Para el resto de gastos, el Estado recauda a través del Impuesto sobre la Renta (IRPF), el Impuesto de Sociedades, el IVA y algún otro impuesto menor y, con todo lo recaudado, las Cortes deciden como se reparte cada año entre las distintas necesidades, priorizando según la importancia que, de acuerdo a los valores e ideología de los partidos mayoritarios, tenga cada partida presupuestaria.
La consecuencia de no tener integrada la Seguridad Social con el resto de cuentas del Estado es manifiesta. Si sobra dinero, éste no puede emplearse en atender o mejorar otras necesidades sociales básicas como educación, salud, vivienda, etc. Y, si como se prevé que sucederá en unos años más, falta dinero, tampoco puede resolverse el problema reduciendo otros gastos del Estado, sino que la solución hay que buscarla dentro del sistema de Seguridad Social, penalizando, si es necesario, a los trabajadores con más cotizaciones o a los pensionistas con menos derechos. Con el resto de gastos del Estado no sucede lo mismo. Cuando falta dinero, falta para todo y cuando sobra, sobra para todo, tomándose, mediante la política presupuestaria, las decisiones de incrementos o reducciones de impuestos y gastos que correspondan, pudiendo todas las partidas ser objeto de discusión.

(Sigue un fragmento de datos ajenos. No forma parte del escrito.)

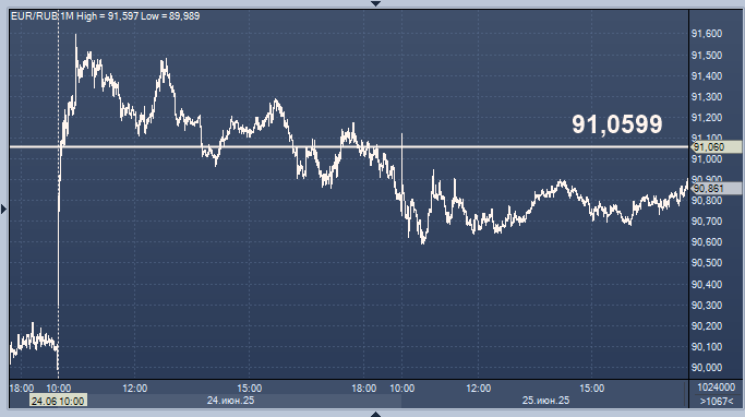 - 91,0599 рубля за 1 евро
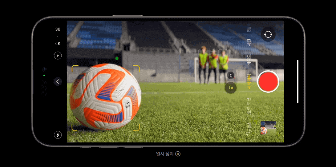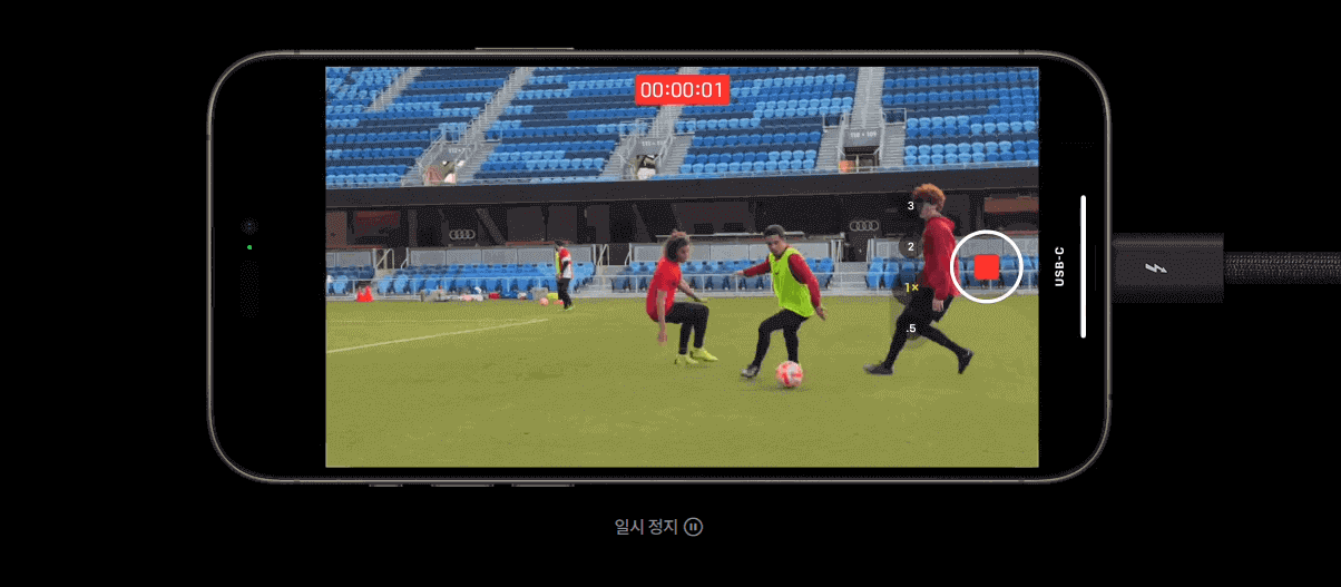 아이폰 15 프로에서는 ProRes 동영상을 촬영해 외장 스토리지에 바로 저장할 수 있습니다. 덕분에 촬영장에 아이폰 카메라를 세팅해 둔 채로 드라이브만 재빨리 교체할 수 있습니다. 할리우드 스타일의 슬로 모션으로 촬영하고 싶다면 외장 SSD를 연결해 초당 60 프레임의 ProRes 4K 동영상으로 촬영하시면 됩니다.

Debemos de denunciar el engaño al que se somete a la ciudadanía haciéndole creer que ciertas medidas son inevitables y que no queda más alternativa que la resignación y, si se puede, ahorrar algo por medio de planes de pensiones custodiados por entidades financieras. No serán, desde luego, los bancos los que denuncien la farsa. Más bien al contrario, los banqueros babean ante la magnífica golosina que representa esos depósitos inmovilizados durante decenas de años, con los que podrán libremente especular con avaricia e irresponsabilidad, hasta el punto de que si de la especulación resultan ganancias serán para el banco y si hay pérdidas lo serán para los ahorradores, ya que astutamente el banco habrá distribuido las inversiones propias y las de los fondos del modo más conveniente para sus intereses y, además, habrá separado en una sociedad anónima diferente la gestión del fondo para limitar sus responsabilidad en caso de pérdidas.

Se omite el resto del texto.